- Available data:
+ + + + +
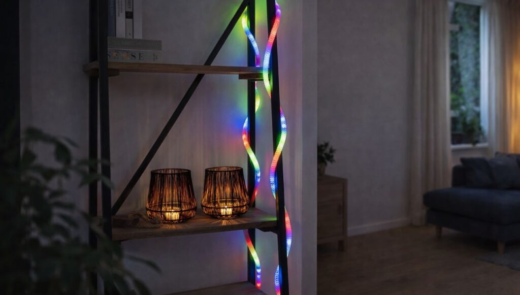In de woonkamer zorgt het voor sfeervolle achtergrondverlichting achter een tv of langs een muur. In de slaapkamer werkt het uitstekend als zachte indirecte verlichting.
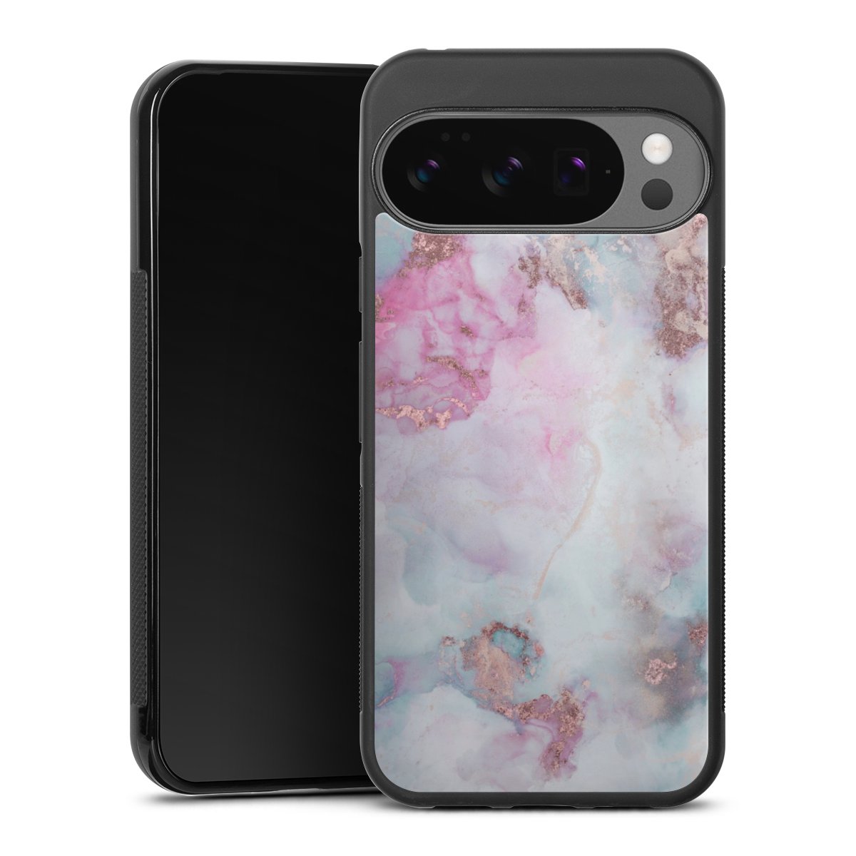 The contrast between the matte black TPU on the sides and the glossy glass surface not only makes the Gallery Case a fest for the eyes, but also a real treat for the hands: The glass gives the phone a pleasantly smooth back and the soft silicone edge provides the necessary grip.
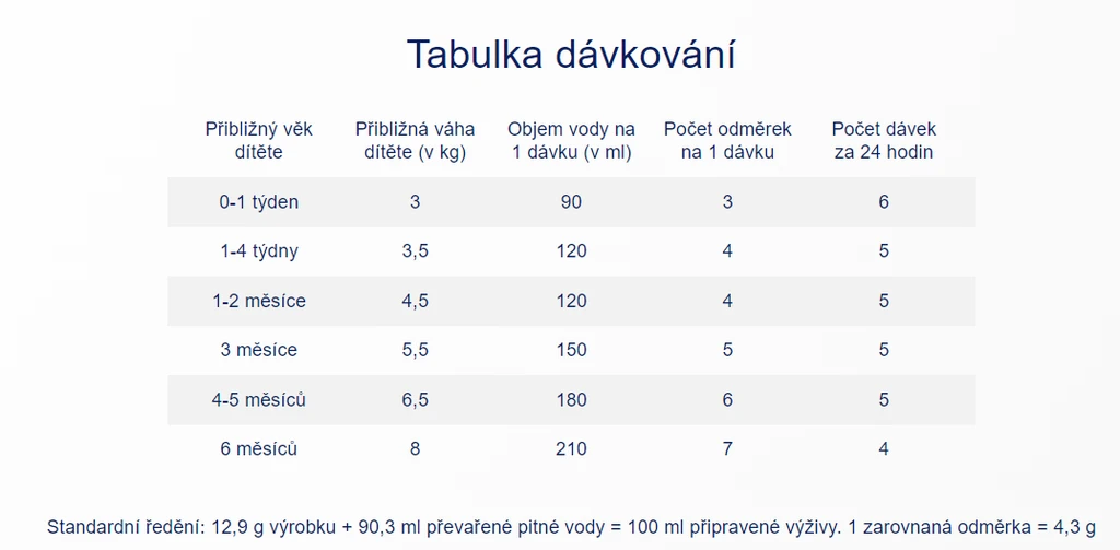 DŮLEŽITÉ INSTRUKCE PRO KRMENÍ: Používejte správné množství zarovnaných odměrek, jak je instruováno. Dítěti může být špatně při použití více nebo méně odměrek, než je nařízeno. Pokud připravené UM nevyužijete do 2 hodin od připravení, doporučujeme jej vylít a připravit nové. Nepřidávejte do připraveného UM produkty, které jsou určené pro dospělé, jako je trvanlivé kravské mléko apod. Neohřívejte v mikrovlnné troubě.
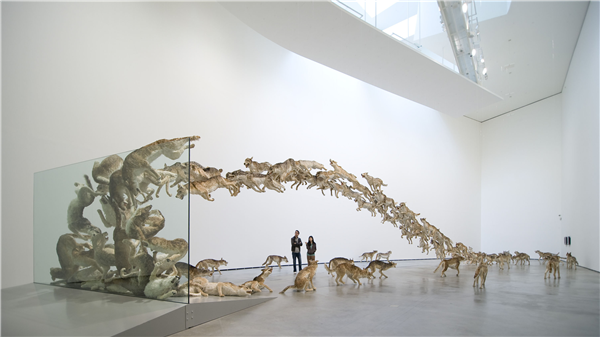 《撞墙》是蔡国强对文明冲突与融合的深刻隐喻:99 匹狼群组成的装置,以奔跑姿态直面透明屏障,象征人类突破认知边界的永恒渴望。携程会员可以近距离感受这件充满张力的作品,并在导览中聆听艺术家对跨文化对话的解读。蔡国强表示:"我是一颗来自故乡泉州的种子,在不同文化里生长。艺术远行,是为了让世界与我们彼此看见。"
+ + + + +
- Exercise details:
Return the data exactly. Pictures stay out.

- Solution to this exercise:
In de woonkamer zorgt het voor sfeervolle achtergrondverlichting achter een tv of langs een muur. In de slaapkamer werkt het uitstekend als zachte indirecte verlichting.
 The contrast between the matte black TPU on the sides and the glossy glass surface not only makes the Gallery Case a fest for the eyes, but also a real treat for the hands: The glass gives the phone a pleasantly smooth back and the soft silicone edge provides the necessary grip.
 DŮLEŽITÉ INSTRUKCE PRO KRMENÍ: Používejte správné množství zarovnaných odměrek, jak je instruováno. Dítěti může být špatně při použití více nebo méně odměrek, než je nařízeno. Pokud připravené UM nevyužijete do 2 hodin od připravení, doporučujeme jej vylít a připravit nové. Nepřidávejte do připraveného UM produkty, které jsou určené pro dospělé, jako je trvanlivé kravské mléko apod. Neohřívejte v mikrovlnné troubě.
 《撞墙》是蔡国强对文明冲突与融合的深刻隐喻:99 匹狼群组成的装置,以奔跑姿态直面透明屏障,象征人类突破认知边界的永恒渴望。携程会员可以近距离感受这件充满张力的作品,并在导览中聆听艺术家对跨文化对话的解读。蔡国强表示:"我是一颗来自故乡泉州的种子,在不同文化里生长。艺术远行,是为了让世界与我们彼此看见。"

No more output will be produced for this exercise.